Analyzing General-Purpose Deep-Learning Detection and Segmentation Models with Images from a Lidar as a Camera Sensor
This work addresses the challenge of robotic perception in adverse environmental conditions by leveraging mature vision-based DL models for lidar-derived images, though it is incremental as it applies existing methods to a new type of data.
The paper tackles the problem of applying general-purpose deep learning detection and segmentation models to low-resolution 360-degree images derived from lidar sensors, encoding depth, reflectivity, or near-infrared data, and shows that with preprocessing, these models can process such images effectively, enabling usage in conditions where vision sensors are limited.
Over the last decade, robotic perception algorithms have significantly benefited from the rapid advances in deep learning (DL).

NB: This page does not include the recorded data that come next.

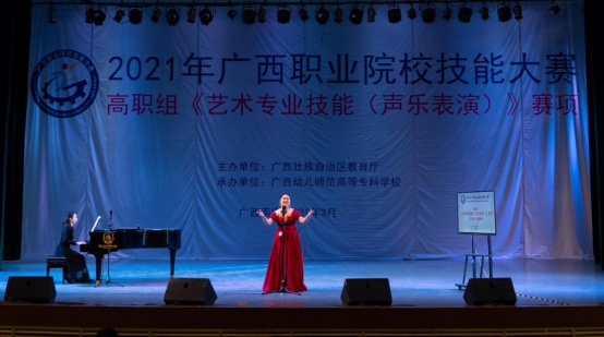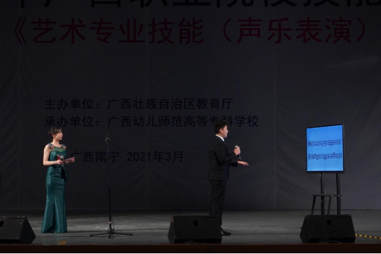 3月23日至24日,2021年广西职业院校技能大赛高职组艺术专业技能(声乐表演)赛项在广西幼儿师范高等专科学校南宁校区隆重举行。本次比赛吸引了来自桂林师范高等专科学校、广西幼儿师范高等专科学校、广西艺术学院职业技术学院等全区16所高职院校共47名选手参赛。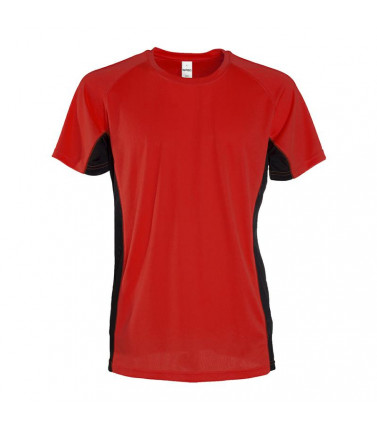 100% poliestere. t-shirt maniche corte raglan, struttura con fasce laterali in tessuto microforato di colore contrastante, nastro parasudore al collo.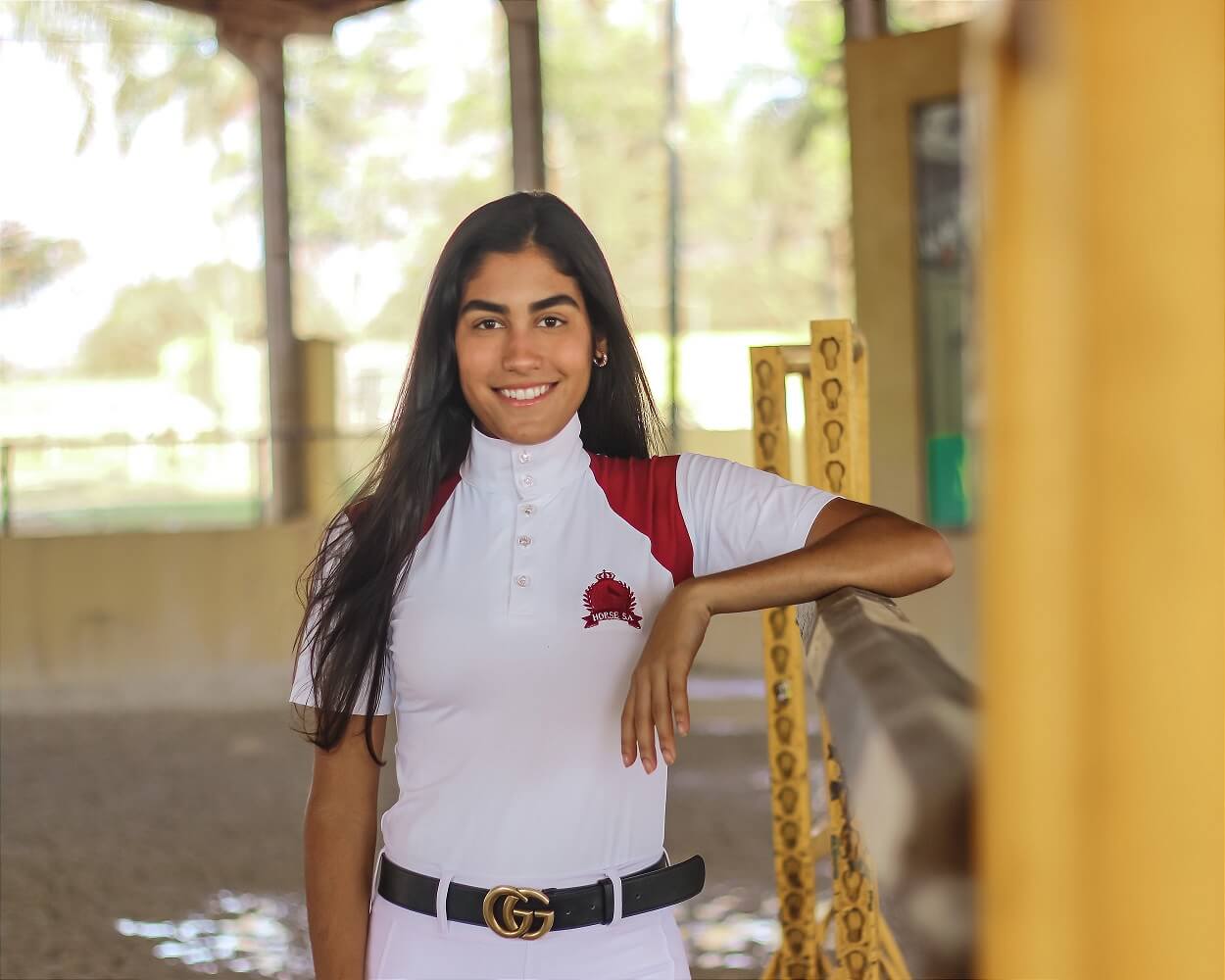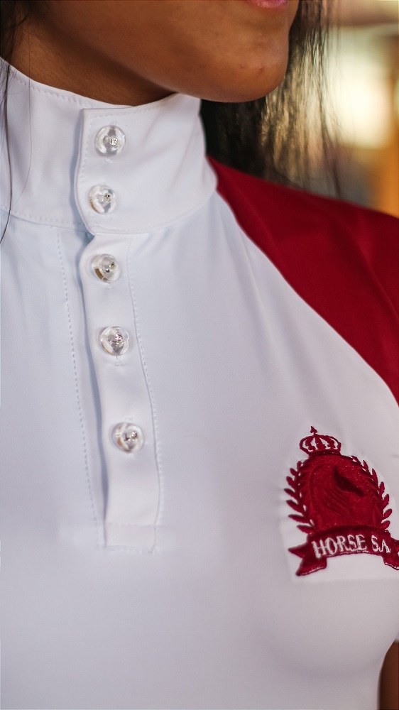 Camisa Hipismo Prova Manga Curta Branca com Vinho Horse SA, com Recorte Especial em Vinho, feita em Malha Tecnológica geladinha que bloqueia a passagem dos raios solares UVA e UVB 50+, protegendo a pele do sol. Malha bem leve, de fácil absorção ao suor, te ajudando na transpiração deixando a pele respirar, com secagem rápida. Extremamente confortável, suavidade e durabilidade, além de um Design Moderno e antenado da Moda Equestre. Expressa toda sua personalidade no detalhe também, do fechamento com botões em acrílico com ponto de luz em strauss lindíssimo, dando todo o charme para a peça e te destacando no seu dia de Campeonato de Hipismo. Bordado especial na parte do peito e costas na cor vinho para compor a sinergia do look e assinar a peça exclusiva da loja Horse SA.

Indeed, a significant amount of the autonomy stack of different commercial and research platforms relies on DL for situational awareness, especially vision sensors. This work explores the potential of general-purpose DL perception algorithms, specifically detection and segmentation neural networks, for processing image-like outputs of advanced lidar sensors. Rather than processing the three-dimensional point cloud data, this is, to the best of our knowledge, the first work to focus on low-resolution images with 360\textdegree field of view obtained with lidar sensors by encoding either depth, reflectivity, or near-infrared light in the image pixels. We show that with adequate preprocessing, general-purpose DL models can process these images, opening the door to their usage in environmental conditions where vision sensors present inherent limitations. We provide both a qualitative and quantitative analysis of the performance of a variety of neural network architectures. We believe that using DL models built for visual cameras offers significant advantages due to the much wider availability and maturity compared to point cloud-based perception.